◆ Information provided ◆
-------
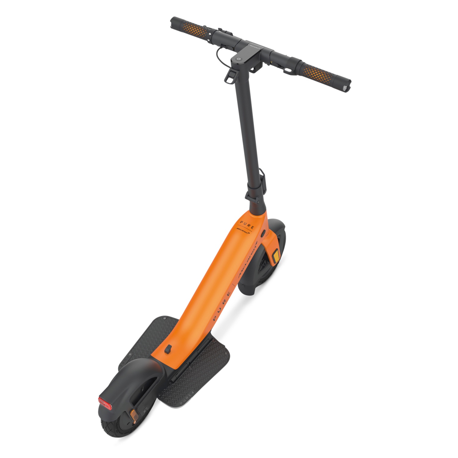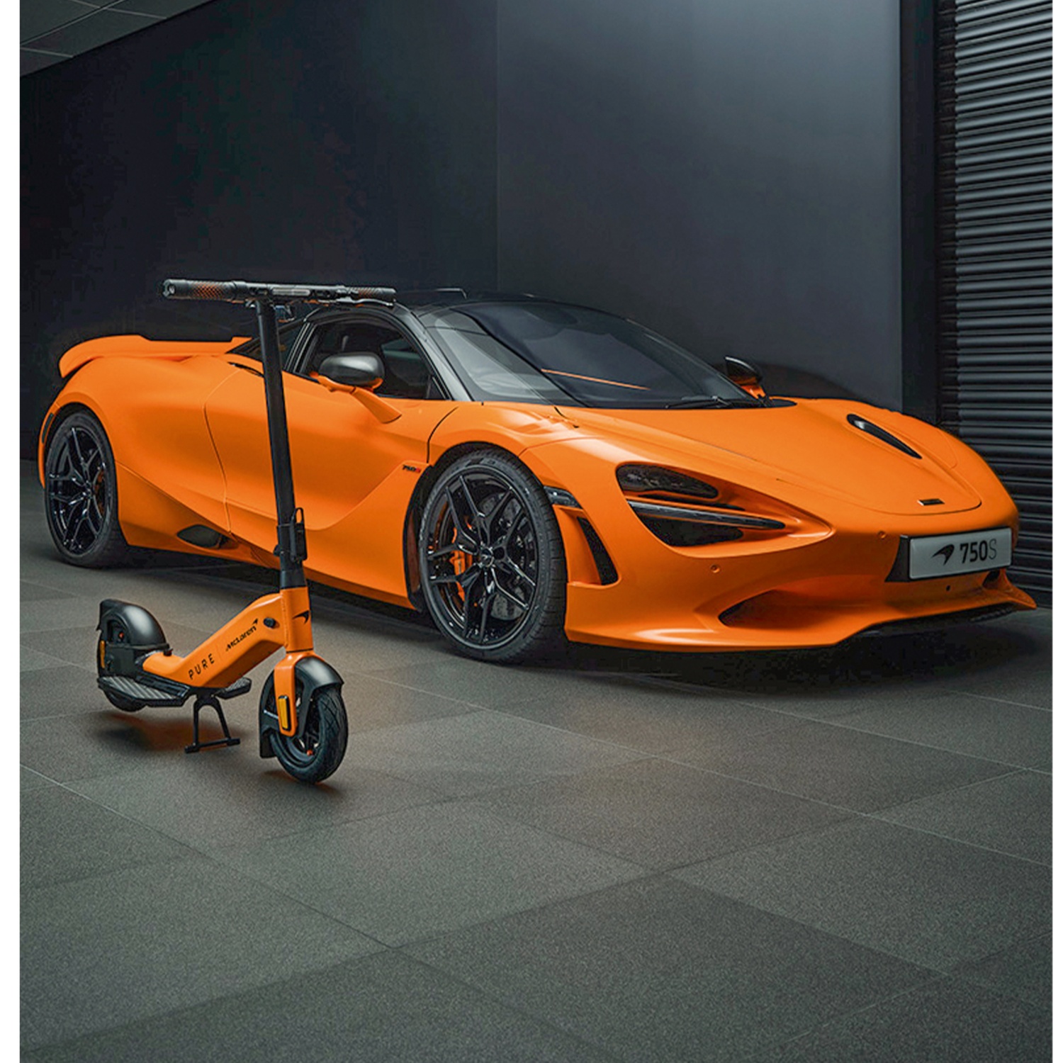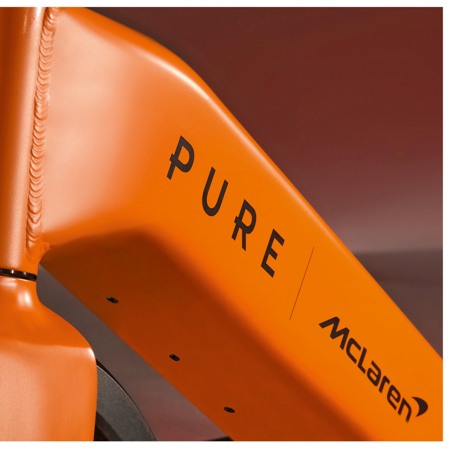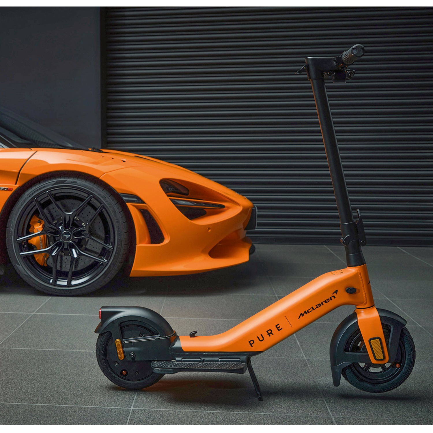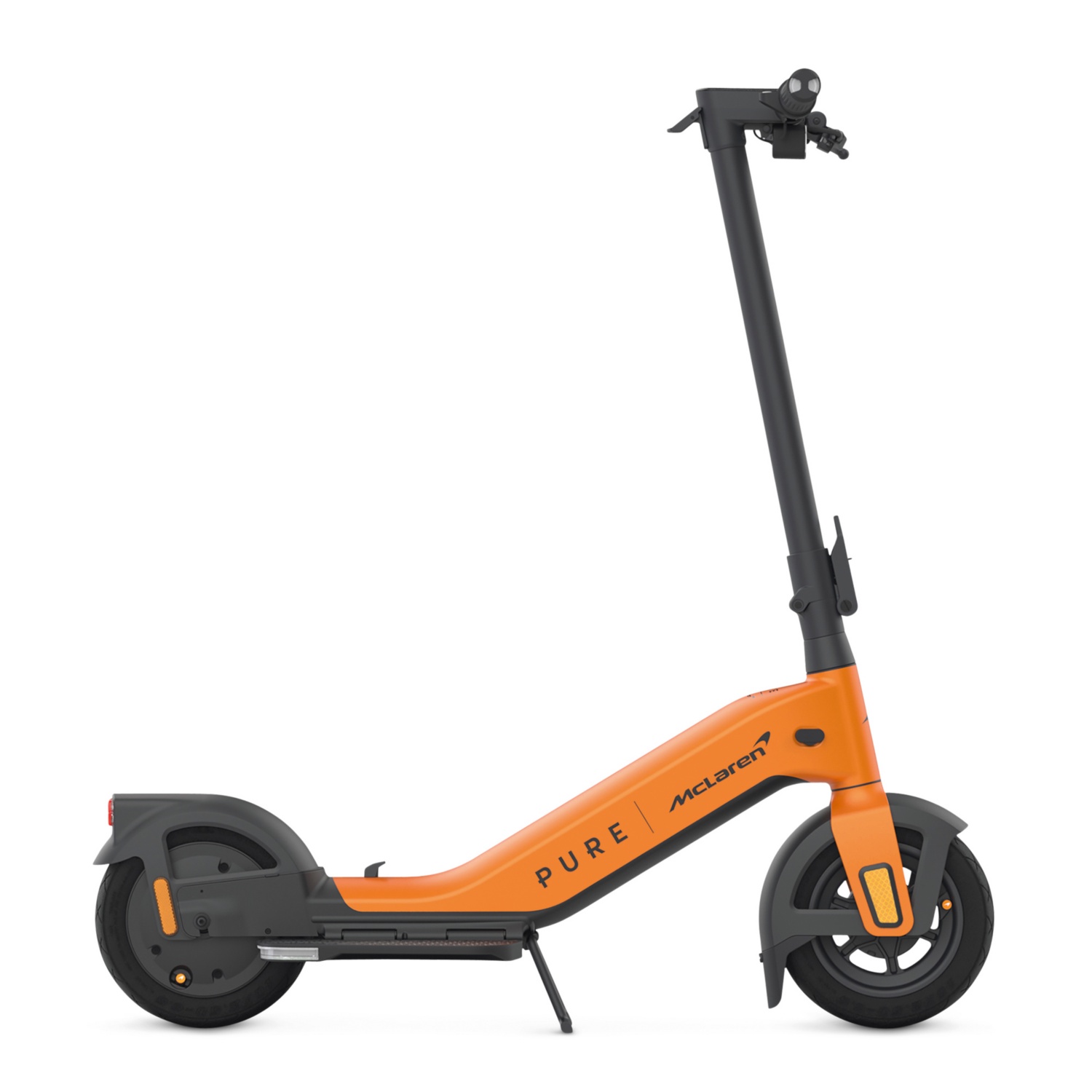 Weltklasse-Rennen trifft auf Weltklasse-Fahrgefühl. Sie wollten immer schon einen McLaren fahren? Die offizielle Zusammenarbeit von PURE mit McLaren vereint Design mit Technik und machts möglich. Schlankes Design für einfache Aufbewahrung.Die klappbaren Lenker, Fußstützen und Lenksäule machen den McLaren zu 70% schlanker als herkömmliche E-Scooter. Ohne Abstriche bei der Leistung integriert er sich platzsparend und nahtlos in Ihren Alltag.Innerhalb von wenigen Sekunden kann der PURE McLaren zusammengeklappt werden und ist mit nur 15 cm Breiteder schmalste E-Scooter der Weltin seiner Leistungsklasse.Länger fahren mit einer verbesserten Batterie, die Sie bis zu 60 Kilometer mit nur einer Ladung bringt.Verbesserte Steigungsfähigkeit und kraftvolle, schnelle Beschleunigung mit dem starken Motor.Dynamische Lenker- und Fußrastenblinker sorgen für eine klare und sichtbare Signalisierung.Ein helles Frontlicht mit 150 Lumen und ein Bremsrücklicht helfen Ihnen, unter allen Bedingungen immer gesehen zu werden.
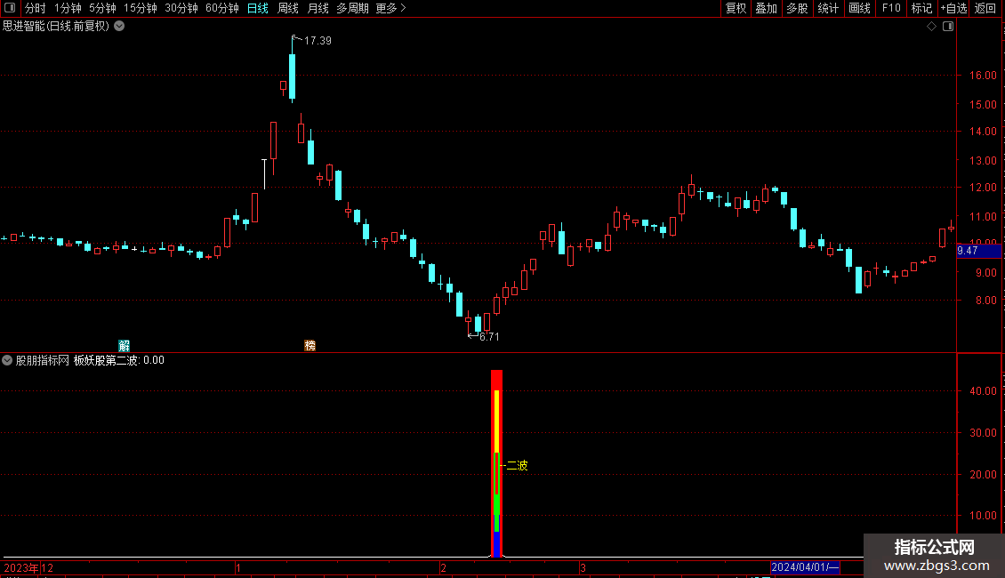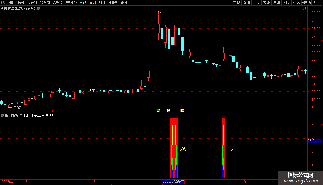 共振触发二波信号:上述条件同时满足时,标记为“板妖股第二波”——在图表上以多色柱与显眼文字提示(便于盘中快速识别)。
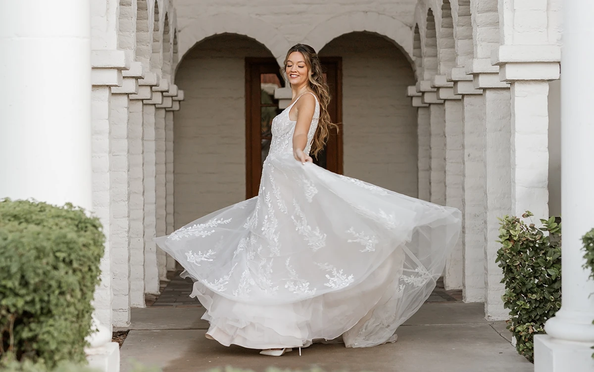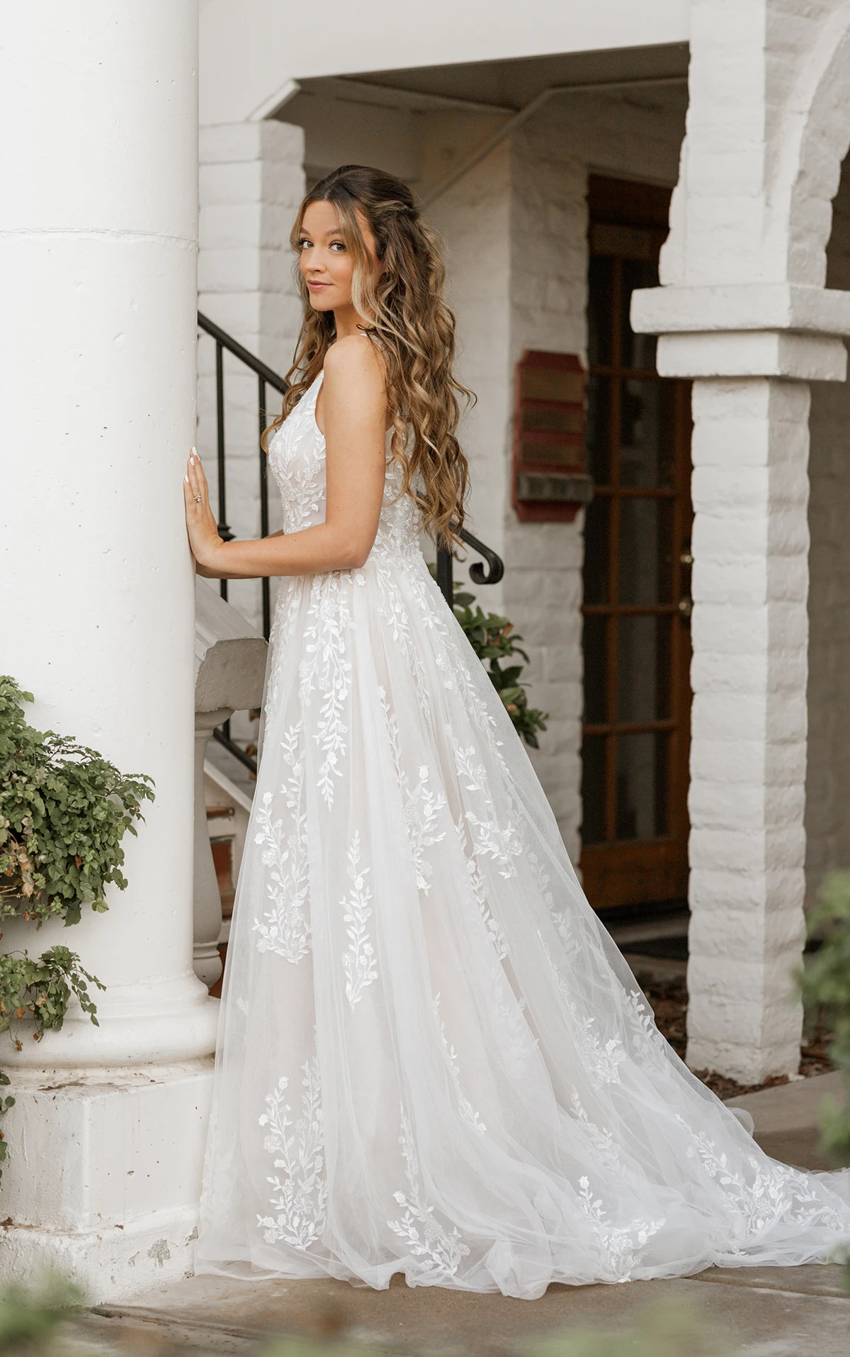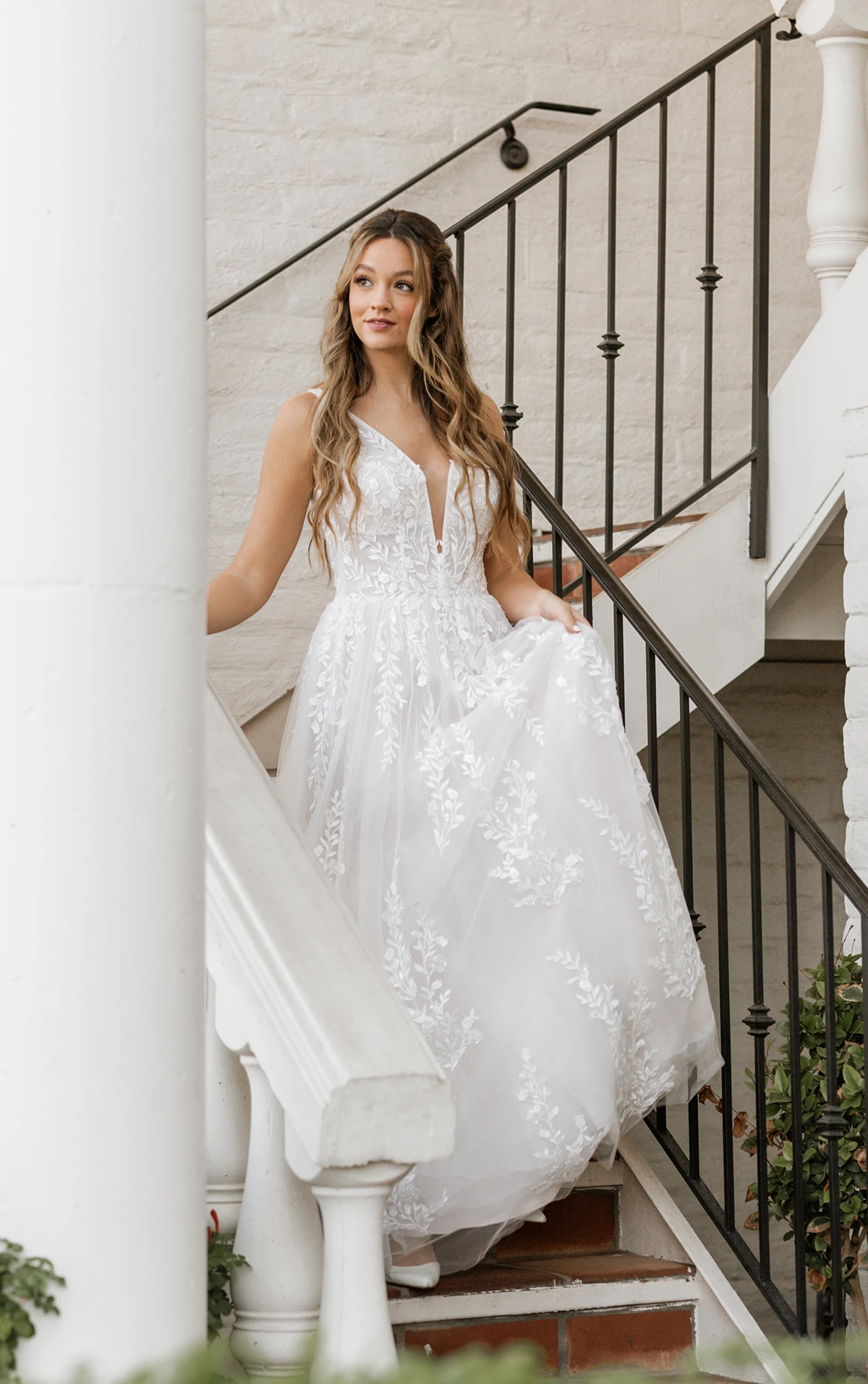 Sparkling down the aisle, Jacey’s dreamy leafy floral lace and organza over optional glitter tulle captures the ethereal essence of this romantic A-line wedding gown. Lace-embellished shoulder straps frame a plunging V-neckline topping the sheer, glittering bodice. Leafy tendrils and sparkling floral accents scatter from the bodice to the frothy tulle A-line skirt, evoking a wistful, dreamlike effect. With each step, the glittering tulle catches the light, shimmering for the modern romantic’s walk down the aisle. This gown is also available in plus sizes.
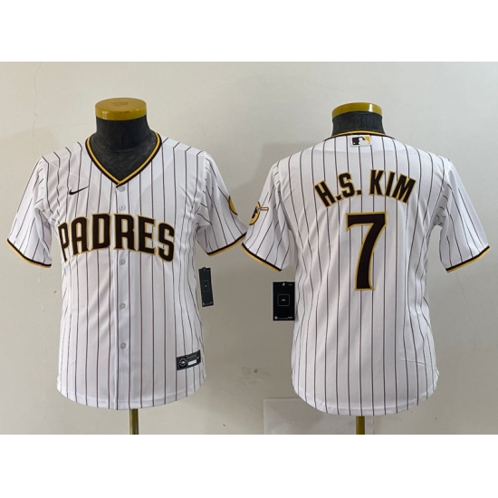 >Youth San Diego Padres #7 Ha Seong Kim White Stitched Cool Base Nike Jersey
-------
◆ Task to carry out ◆
The lines from the one holding "Sparkling down the" through the end of the material above are to be echoed exactly, both ends included. Do not include pictures.

◆ Exercise response ◆
 Sparkling down the aisle, Jacey’s dreamy leafy floral lace and organza over optional glitter tulle captures the ethereal essence of this romantic A-line wedding gown. Lace-embellished shoulder straps frame a plunging V-neckline topping the sheer, glittering bodice. Leafy tendrils and sparkling floral accents scatter from the bodice to the frothy tulle A-line skirt, evoking a wistful, dreamlike effect. With each step, the glittering tulle catches the light, shimmering for the modern romantic’s walk down the aisle. This gown is also available in plus sizes.
 >Youth San Diego Padres #7 Ha Seong Kim White Stitched Cool Base Nike Jersey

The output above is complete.